音楽はスティーヴン・スピルバーグが監督したテレビ映画の「(TV)四次元への招待(Night Gallery: segment "Eyes")」(1969)「(未公開/TV)The Name of the Game - LA 2017」(1971)「(TV)刑事コロンボ/構想の死角(Columbo - Murder by the Book)」(1971)のスコアも手がけているビリー・ゴールデンバーグ(1936〜)。「Universal Emblem」は、ウォーターフォン(Waterphone)による短いスティンガーがユニヴァーサルのロゴにかぶさるオープニング。「Passing the Truck」は、不気味でアブストラクトな不協和音によるサスペンス音楽で、デヴィッドがタンクローリーの運転手の殺意を感じたところからスコアが流れ始める(それまでの18分間は全くスコアがない)。「Truck and Car Encounter」は、続くチェイス・シーンのビジーでダイナミックなサスペンスアクション音楽。「Studying Drivers」「Mann's Thoughts」「Lone Driver Eating」「Truck Leaving」は、タンクローリーから逃れてハイウェイ沿いのダイナーに入ったデヴィッドが、顔を洗ってトイレから戻り、走り去ったはずのローリーが引き返して駐車してあるのに気づいて、ダイナーの客の中の誰がその運転手なのか悩むシーンの音楽。ストリングスにウォーターフォンとチェレスタを加えた、不安感を煽るようなニューロティックなタッチのサスペンス音楽が延々と続く。

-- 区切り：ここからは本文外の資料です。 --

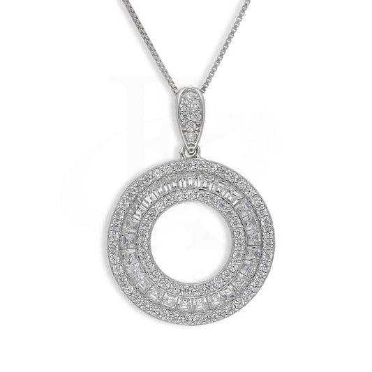 Sterling Silver 925 Round Shaped Pendant Set (Necklace, Earrings and Ring) - FKJNKLSTSL2377
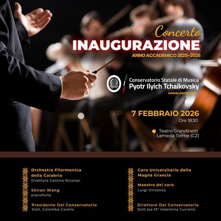 Il Conservatorio “P. I. Tchaikovsky” inaugura ufficialmente l’Anno Accademico 2025/2026 con un concerto di grande prestigio in programma sabato 7 febbraio 2026 ore 18:30 presso il Teatro Grandinetti di Lamezia Terme.
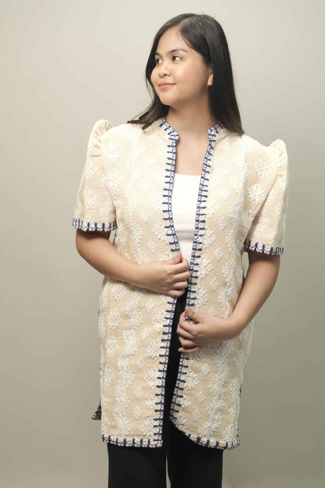 Long modern filipinaina in cream with blue Itneg embroidery - XL size (44" chest, 18" shoulders)
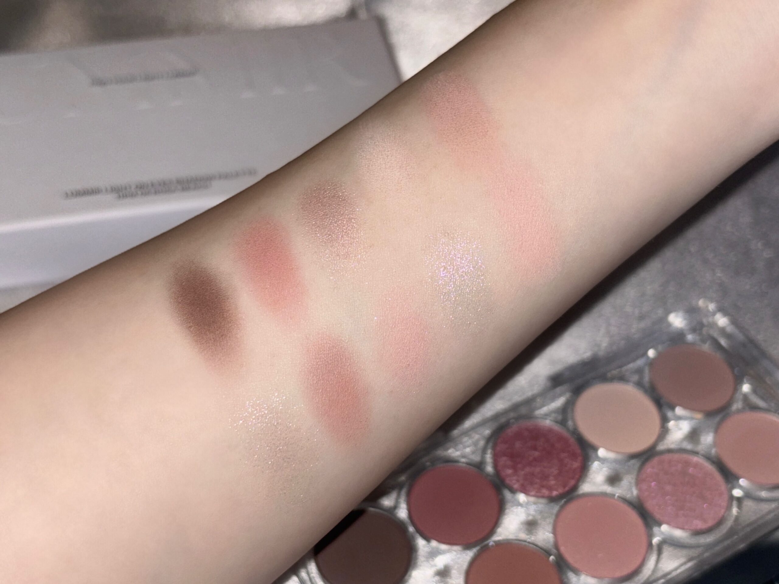 肌に乗せてみると青みに寄りすぎないローズカラーと黄みに寄りすぎないニュートラルなブラウンでぱっと華やかになりました。
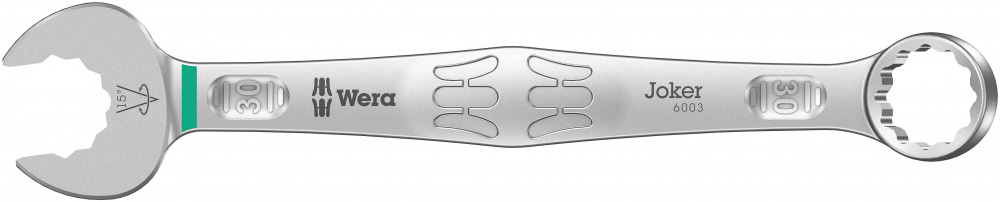 Поскольку завинчивать приходится всё чаще в ограниченном пространстве, то требуются инструменты, которые помогут успешно работать даже в таких условиях. В ограниченном пространстве необходимо изыскивать возможности для манипуляций инструментом. Можно ли изменить гаечный ключ так, чтобы повысить эти возможности для инструмента? Сочетание в рожковой части наклона под углом 7,5° и профиля в виде двойного шестигранника увеличило вдвое возможности для накидывания ключа. При повторных поворотах ключа в процессе завинчивания на 180° относительно продольной оси предусмотрены четыре варианта накидывания ключа, когда гайка или головка винта захватывается через каждые 15°. Joker 6003 благодаря продуманной форме рожковой части значительно расширяет варианты применения в ограниченном пространстве. Можно сказать, Joker 6003 сам находит соответствующее положение после каждого перекидывания. Тонкая и при этом прочная накидная часть изогнута на 15° к оси инструмента. За счёт качественного покрытия обеспечивается надёжная, длительная защита от коррозии. С идентификатором инструментов Take it easy: цветовая кодировка размера.
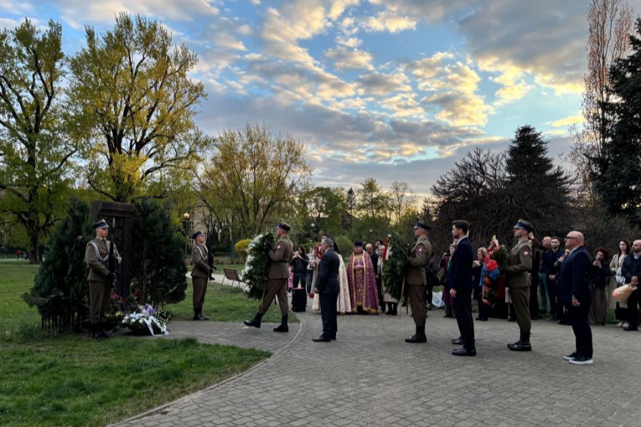 Այնուհետև հնչել է բարեխոսական աղոթք՝ Լեհաստանում Հայ Առաքելական Եկեղեցու հոգևոր հովիվ Հոգեշնորհ Տեր Մինաս աբեղա Հախվերդյանի և Լեհաստանի Հայ Կաթողիկե եկեղեցու հոգևոր հովիվ ծայրագույն վարդապետ Յուզեֆ Նաումովիչի կողմից, որին հաջորդել է ծաղիկների զետեղման արարողությունը։

「Truck Stops」は、ドラマティックなサスペンス音楽から後半アブストラクトなタッチへ展開。「Hide and Seek」は、ビジーでダイナミックなサスペンスアクション音楽。「Truck Waiting #1」も、ニューロティックなタッチのサスペンス音楽。「Truck Waiting #5」は、バーナード・ハーマン作曲の「サイコ」のシャワー・シーンのスコアを想起させるショック音楽(ヒントを得たことをゴールデンバーグ自身が認めている)から不吉なサスペンス音楽へ。「Truck Racing Car」は、ダークで不気味なサスペンス音楽から後半ビジーなサスペンスアクション音楽へ。「Final Duel」は、クライマックスのダイナミックなサスペンスアクション音楽。「The Duel (End Title)」は、シンセサイザーとウォーターフォンによる獣のうめき声のような音だけで不気味な静けさを表現したエンドタイトル。この後に続く最後のクレジットは全くの無音。最後にエクストラとして、劇中のカーラジオから流れるカントリー・ウエスタンのソース音楽4曲と、エンドタイトルの代替版を収録。

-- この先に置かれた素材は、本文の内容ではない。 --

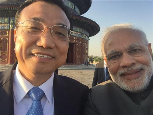 외신들에 따르면 모디 총리는 이날 중국 수도 베이징(北京)의 유적인 톈탄(天壇) 앞에서 리 총리과 함께 셀카 촬영을 한 뒤 자신의 트위터와 방중 직전 개설한 웨이보(微博, 중국판 트위터) 계정에 이 사진을 올렸다.
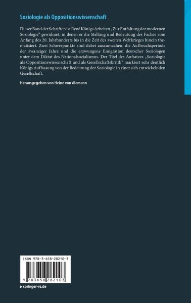 Dieser Band der Schriften ist René Königs Arbeiten "Zur Entfaltung der modernen Soziologie" gewidmet, in denen er die Stellung und Bedeutung des Faches vom Anfang des 20. Jahrhunderts bis in die Zeit des zweiten Weltkrieges hinein thematisiert. Zwei Schwerpunkte sind dabei auszumachen, die Aufbruchsperiode der zwanziger Jahre und die erzwungene Emigration deutscher Soziologen unter dem Diktat des Nationalsozialismus. Der Titel des Aufsatzes "Soziologie als Oppositionswissenschaft und als Gesellschaftskritik" markiert sehr deutlich Königs Auffassung von der Bedeutung der Soziologie in einer sich entwickelnden Gesellschaft.
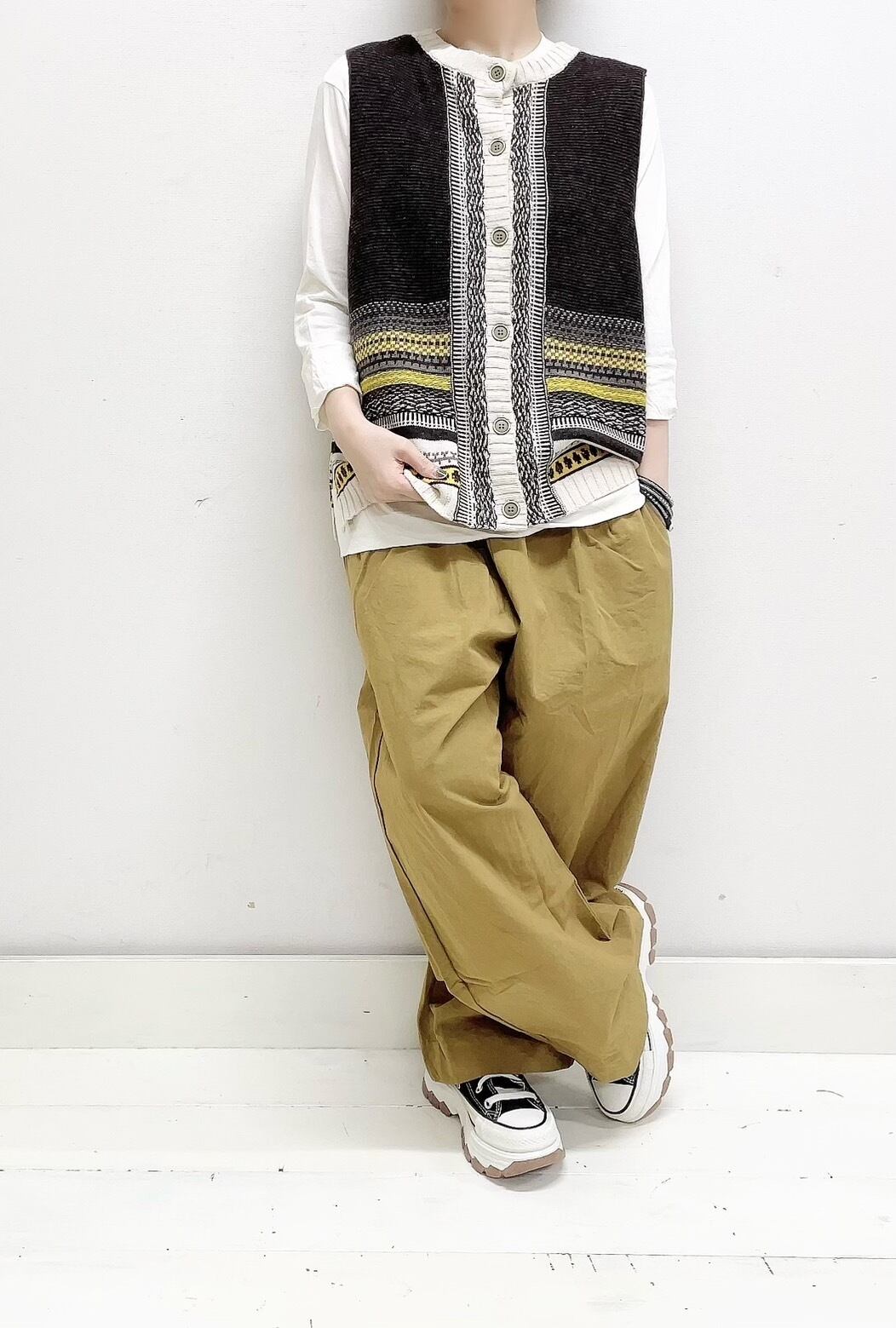 【tumugu】コットンカシミアジャガード2wayベスト / TK23304

ストリングス、ハープ、キーボード、ギターとパーカッションのみの39人編成のオーケストラの演奏による、明確な主題のないニューロティックで前衛的なタッチのサスペンス音楽で、劇中では極めて効果的。エミル・リチャーズが世界各国から収集した様々な珍しいパーカッションを演奏。ムーグ・シンセサイザーの演奏はポール・ビーヴァー。特に、ゴールデンバーグが「(TV)刑事コロンボ」のスコアでも多用していたウォーターフォンの不気味な音が印象的。
この作品の成功でスビルバーグは「続・激突!/カージャック」(1974)の監督に抜擢され、以降はジョン・ウィリアムスと組むようになる。
このスコアの初サントラ・リリースで、限定プレス。